Wednesday, August 1, 2012

"The most obnoxious thing in the history of obnoxious things"


I'd M Thfft Able - Hangin' Flaccid Like a Wet Lilac
Friends and Relatives Records


I'd M Thfft Able (nee Skott Spear of Windham, Maine) is obnoxious. If your friend was this obnoxious, you would flick his ears. If your kid was this obnoxious, you would make him sit on the stairs for a timeout. And then flick his ears. Throughout Hangin' Flaccid Like a Wet Lilac I was compelled to throw down my headphones and walk away, but what cancelled out such witless frustration was a desire to hear something that would top the something that I had just declared "the most obnoxious thing I have heard on this cassette thus far." Then, once I heard this something that I had deemed the new "most obnoxious thing I have heard on this cassette thus far" there was a stiff yearning to hear another "most obnoxious thing I have heard on this cassette thus far" something. The cumulative effect of all this would be the certification of Hangin' Flaccid Like a Wet Lilac as "the most obnoxious thing in the history of obnoxious things."

Opener "This Dusty Erection Lay'midst Peacock Feathers" sounds like someone is flipping through AM stations on a boom box with one blown speaker and nearby lightning is breaking up the signal with crackling static and oh yeah, the boom box is falling down a flight of stairs.
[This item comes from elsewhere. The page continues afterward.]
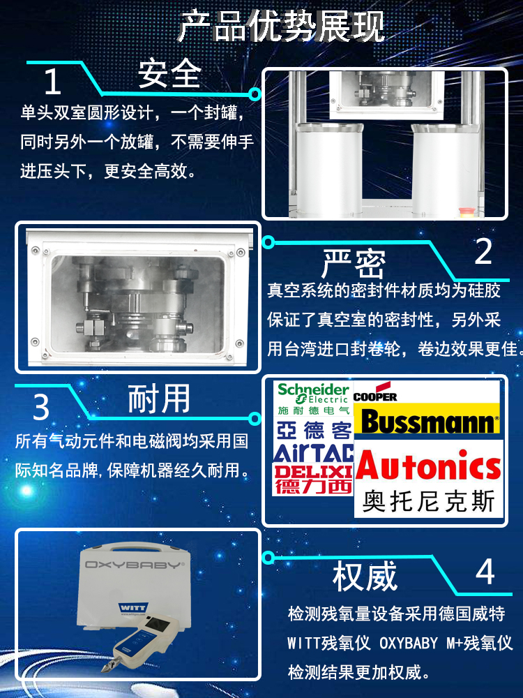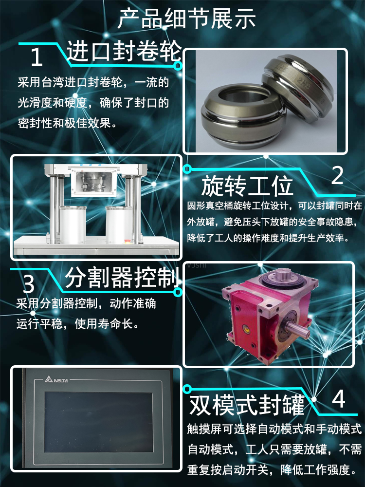 本設(shè)備采用單個(gè)封口(kǒu)頭,雙工作室旋轉封口,一個工作室封口的時候,另(lìng)一(yī)個工作室可以放罐子,讓(ràng)操作更安全和快捷.

Layered over this is what may be the chorus from a song, a deep country song judging by the vocalist's obnoxious twang. "Don't pick the feathers off a peacock," he pleads. "Torch of E-Mails" is driven by this monotone, single-voice chant that could have been done by kids who heard a Gregorian chant, rolled down a steep hill, ate a bunch of cupcakes, and then playfully approximated the chant on a tape recorder, complete with vulgarities.

The song titles—"Pplleeaassiinngg Eenneerrggiieess," "WBLM Always Invisbly Thru Y'chests, Portland"—remind me of Google Chat conversations where participants are in such an I-need-to-quickly-make-my-point frenzy their messages are littered with typos and weird misspellings and indecipherable nonsense.

Recommended—but only if you have no qualms about flicking ears.